Settlement of Securities Class Action
On July 2, 2008, the Company announced in a press release that it has reached an agreement in principle with the lead plaintiff California Public Employees Retirement System (CalPERS) and plaintiff class representative Alaska Plumbing and Pipefitting Industry Pension Trust, on behalf of themselves and members of the class, to settle the federal securities class action lawsuit arising from the consolidated amended complaint filed on December 8, 2006 in the U.S. District Court in Minnesota against the Company and certain of its current and former officers and directors relating to its historical stock option practices. The proposed settlement will fully resolve all claims against the Company, all current officers and directors of the Company named in the lawsuit, and certain former officers and directors of the Company named in the lawsuit. No parties admit any wrongdoing as part of the proposed settlement.
Under the terms of the proposed settlement, the Company will pay $895 million into a settlement fund for the benefit of class members in two installments.
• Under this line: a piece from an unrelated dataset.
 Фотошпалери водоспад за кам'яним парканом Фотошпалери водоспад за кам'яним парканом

The first installment of $450 million will be deposited into the settlement fund on the earlier of: (i) 10 days following preliminary court approval of the settlement or (ii) September 15, 2008. The remaining $445 million settlement amount will be deposited into the settlement fund on the earlier of: (i) 10 days following final non-appealable court approval of the settlement of the claims, (ii) 10 days following execution by the plaintiffs and the non-settling defendants of an agreement in principle for the settlement of the claims against the non-settling defendants, or (iii) January 1, 2009. The principal amount of the second installment will bear interest from the date of the deposit of the first installment until paid at 4.5% per annum.
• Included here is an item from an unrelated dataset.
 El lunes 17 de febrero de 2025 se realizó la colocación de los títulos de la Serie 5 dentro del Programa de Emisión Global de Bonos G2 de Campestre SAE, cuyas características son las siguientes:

In addition to the payment to the settlement fund, the Company will also supplement the substantial changes it has already implemented in its corporate governance policies with additional changes and enhancements.
The proposed settlement is subject to approval by the boards of directors of CalPERS and the Company, the completion of final documentation, and preliminary and final court approval. Further, the Company has the right to terminate the settlement if class members representing more than a specified amount of alleged securities losses elect to opt out of the settlement.